La mode « éducateur » de Golo doit aussi se considérer à l’aune des manquements des politiques publiques en direction des personnes atteintes de handicap : de l’échange avec la famille de Ritchie aux conversations à deux (au détour de l’une d’elles, on comprend que Ritchie s’est fait « virer » d’une structure d’encadrement), force est de constater que Golo remplit un vide, et pour le chercheur en sciences sociales, son action rappelle de très nombreuses pratiques ordinaires dans les quartiers, où l’engagement se déploie face à l’abandon de ces territoires par la puissance publique.
Si ces dialogues à l’allure socratique finissent parfois par un fou rire, le registre de la moquerie est en toutes circonstances évité, parce que la relation entre les protagonistes, mais aussi et surtout celle qu’ils ont construit ensemble avec le public qui les regarde, détruit toute velléité de stigmatisation.

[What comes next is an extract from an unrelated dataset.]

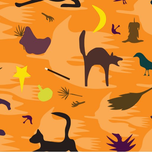 Fun, colorful, witch-themed pattern on bright halloween orange, with a witch, a broom, a moon, a strange bat, and of course more than one kitty cat. This is a fixed pattern, but you can change the size and position of the pattern.

Leurs rapports ne sont pas aseptisés, ils sont rythmés par les codes de socialisation et d’expression de « la street » qui sont à plusieurs reprises dans le film revendiqués par Golo comme vecteurs d’une aspiration à l’égalité. Les thèmes de la religion, du racisme, du handicap, de la délinquance sont abordés dans un discours qui ne sonne jamais faux parce qu’il est sans cesse renvoyé aux conditions sociales de la constitution de ce que Marx aurait pu appeler une « conscience », mais qui dans le film se dit à plusieurs reprises « mentalité » ou dans son expression contractée dans les quartiers, « la mental ».
Cette mentalité n’a pas à être figée ou essentialisée. Notre propos n’est pas ici de l’idéaliser, de même que les documentaires évoqués dans ce texte en donnent selon nous une vision complexe et contradictoire. Cette manière d’assumer quelque chose de non terminé entre savoirs de la rue et culture politique[6] est aussi une leçon pour un monde politique qui, trop souvent, sonne faux lorsqu’il aborde aujourd’hui la question des classes populaires.
Le regretté Alban Bensa parlait de « retour au réel » pour rappeler la nécessité de ne jamais sous-estimer les configurations politiques de l’émergence d’une parole, qui arrive à nous par un chemin toujours particulier, et toujours à élucider. Le dévoilement d’une partie de ce processus par Golo et Ritchie, d’abord dans leurs vidéos « créées à partir de rien » (mais quel est ce rien ?), puis à travers ce documentaire, valorise la recherche constante d’une forme de justesse, qui est bien le début de la justice.
Cet article a été publié pour la première fois le 30 septembre 2024 dans le quotidien AOC.